Supplied information: Begin

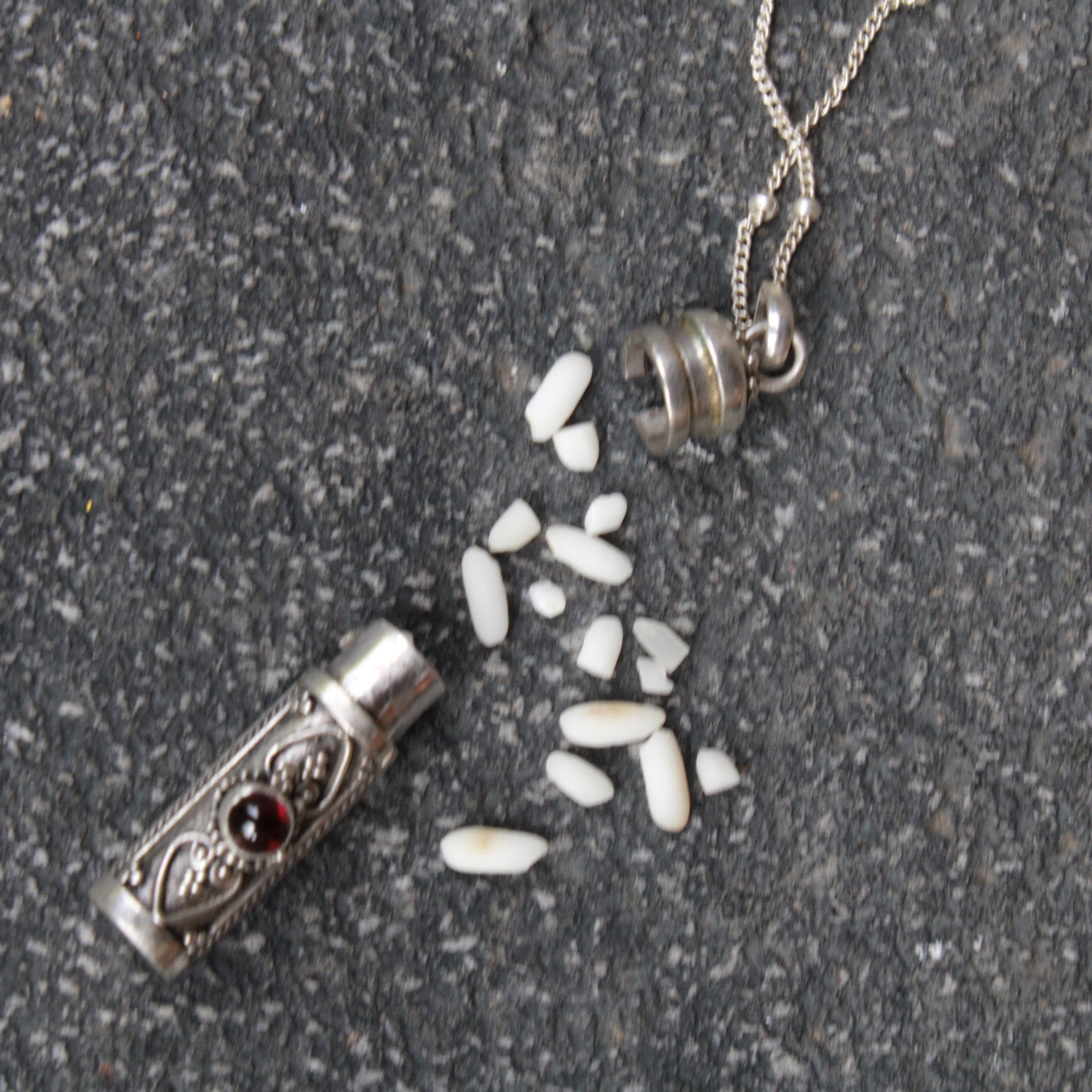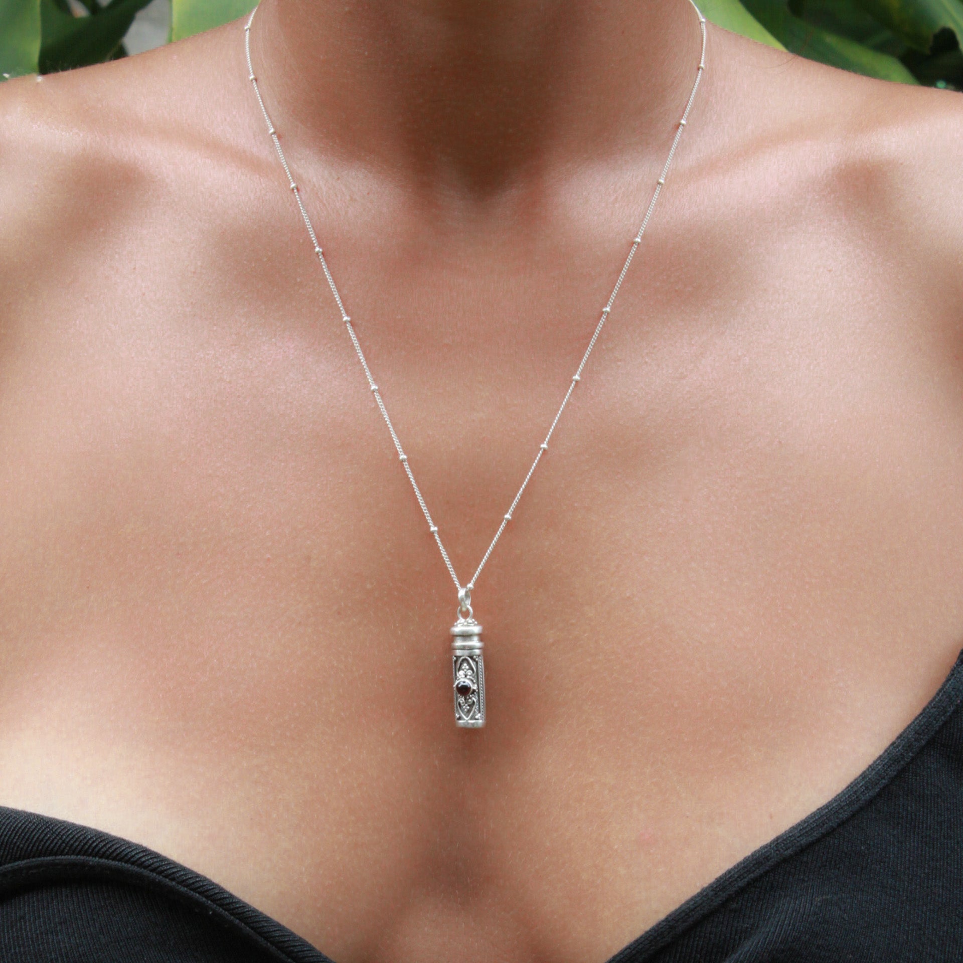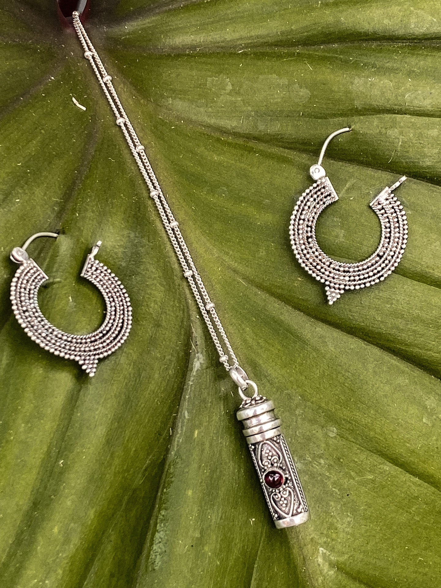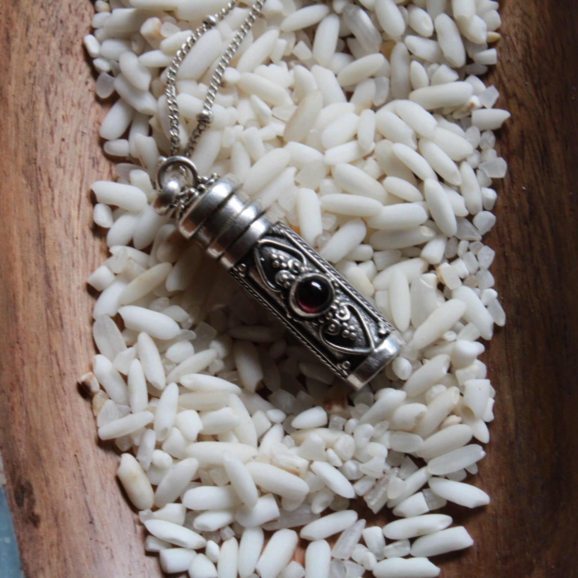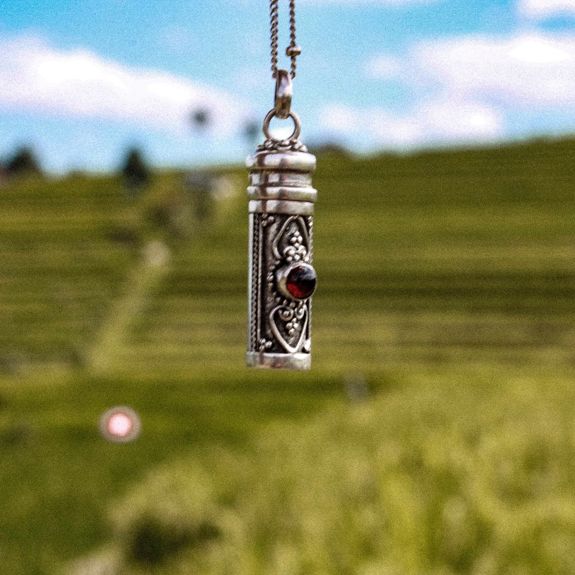 Collana con ciondolo a cilindro contenitore una argento 925 fatto a mano con decori e pietra granata.
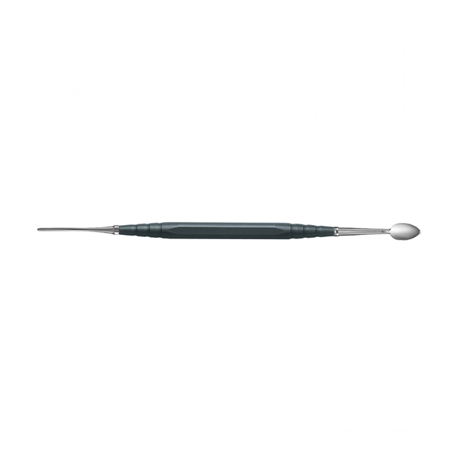 Инструмент моделировочный для воска, форма E1/F2, двусторонний, удлиненная черная ручка. Несъемные насадки из нержавеющей стали, форма E1/F2. Ручка черная, длина 105 мм. Лабораторный инструмент не рассчитан на автоклавирование.
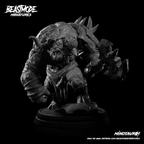 The armored minotaur is a massive, muscular war machine with horns jutting from its head. Wielding a huge axe and wearing a heavy armor, its eyes gleam with bloodlust and one should pity the poor heroes who are facing him.
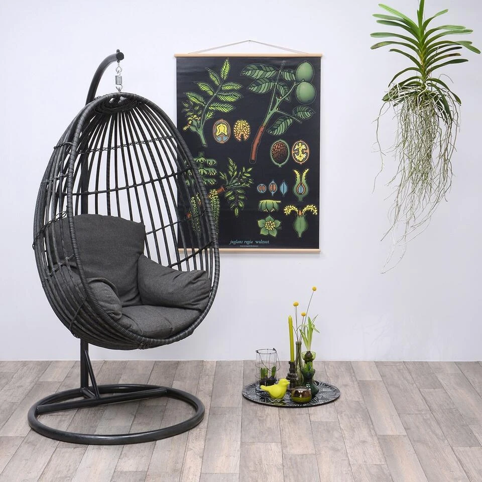 In de Panama hangstoel kan het echte relaxen beginnen. Heerlijk comfortabel schommelen en zitten dankzij het stevige frame en dikke polyester kussen. Zie jij jezelf al heerlijk een boek lezen in deze echte eyecatcher voor in de tuin? De hangstoel is een perfecte toevoeging aan iedere tuin. Een heerlijk plekje om je even in terug te trekken. De hangstoel heeft de vorm van een ei, waardoor je er lekker in weg kunt kruipen. Door het comfortabele kussen geniet je gegarandeerd van lang zitcomfort.
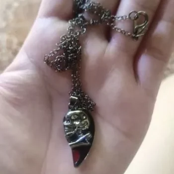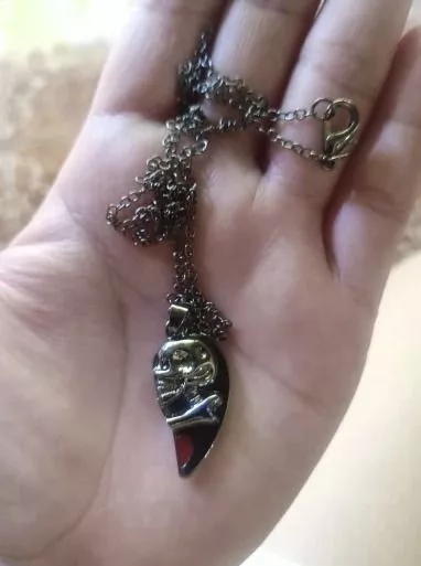 My wife is smitten with this necklace. While she may have had a past fascination with the gothic lifestyle, it seems it never truly leaves someone. It looks fantastic on her.
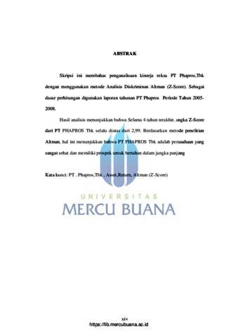 Skripsi ini membahas penganalisaan kinerja reksa PT Phapros,Tbk dengan menggunakan metode Analisis Diskriminan Altman (Z-Score). Sebagai dasar perhitungan digunakan laporan tahunan PT Phapros Periode Tahun 2005- 2008. Hasil analisis menunjukkan bahwa Selama 4 tahun terakhir, angka Z-Score dari PT PHAPROS Tbk selalu diatas dari 2,99. Berdasarkan metode penelitian Altman, hal ini menunjukkan bahwa PT PHAPROS Tbk adalah perusahaan yang sangat sehat dan memiliki prospek untuk bertahan dalam jangka panjang Kata kunci: PT . Phapros,Tbk , Asset,Return, Altman (Z-Score)
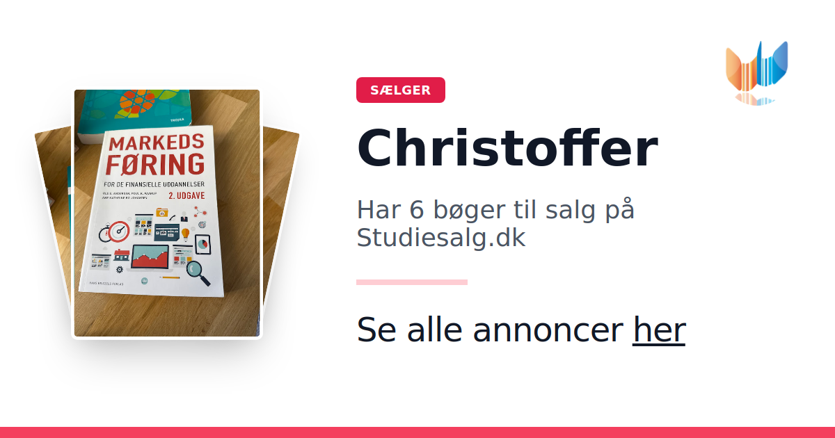 Sæt dine bøger gratis til salg på Studiesalg.dk. Det er tager få minutter, og vi står for betaling og fragt når de bliver solgt.
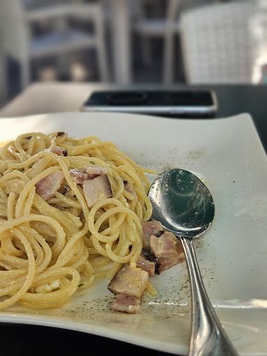 So we just left the place like 10 mins ago, and I have kinda mixed feelings. First of all i have to admit that the food was really filling and the spices were sit at they had to, so overall the food was great, as much as the speed of the service. I ordered a San Marco pasta, and my gf took a carbonara only. It took less than 10 minutes to get served which is quite impressive, very well done. On the other side the waiter who served us was way more intrusive than a waiter should be. As soon as we started to take the first bites of our dish, he came to our table to chat, which was a bit nervecracking. My, and even my gf's mouth was full with pasta and the only thing we wanted was that to enjoy our food without needless chatting with him. A bit embarassing. And at the very end when we asked for the invoice he was judging on me, because i was paying with my girlfriends card, and also said that its a shame that I paid with her card. So first of all he doesn't know anything about the backround of that why i was paying with her card, and even if he would THAT IS NOT OF HIS BUSINESS AT ALL!!! I feel deeply dissapointed and humiliated...

Supplied information: End

• **Problem details**
Transcribe exactly the lines that run from the first line of the records above through the line with "My wife is smitten", and include both of those lines; pictures stay out.

• **Task output**
 Collana con ciondolo a cilindro contenitore una argento 925 fatto a mano con decori e pietra granata.
 Инструмент моделировочный для воска, форма E1/F2, двусторонний, удлиненная черная ручка. Несъемные насадки из нержавеющей стали, форма E1/F2. Ручка черная, длина 105 мм. Лабораторный инструмент не рассчитан на автоклавирование.
 The armored minotaur is a massive, muscular war machine with horns jutting from its head. Wielding a huge axe and wearing a heavy armor, its eyes gleam with bloodlust and one should pity the poor heroes who are facing him.
 In de Panama hangstoel kan het echte relaxen beginnen. Heerlijk comfortabel schommelen en zitten dankzij het stevige frame en dikke polyester kussen. Zie jij jezelf al heerlijk een boek lezen in deze echte eyecatcher voor in de tuin? De hangstoel is een perfecte toevoeging aan iedere tuin. Een heerlijk plekje om je even in terug te trekken. De hangstoel heeft de vorm van een ei, waardoor je er lekker in weg kunt kruipen. Door het comfortabele kussen geniet je gegarandeerd van lang zitcomfort.
 My wife is smitten with this necklace. While she may have had a past fascination with the gothic lifestyle, it seems it never truly leaves someone. It looks fantastic on her.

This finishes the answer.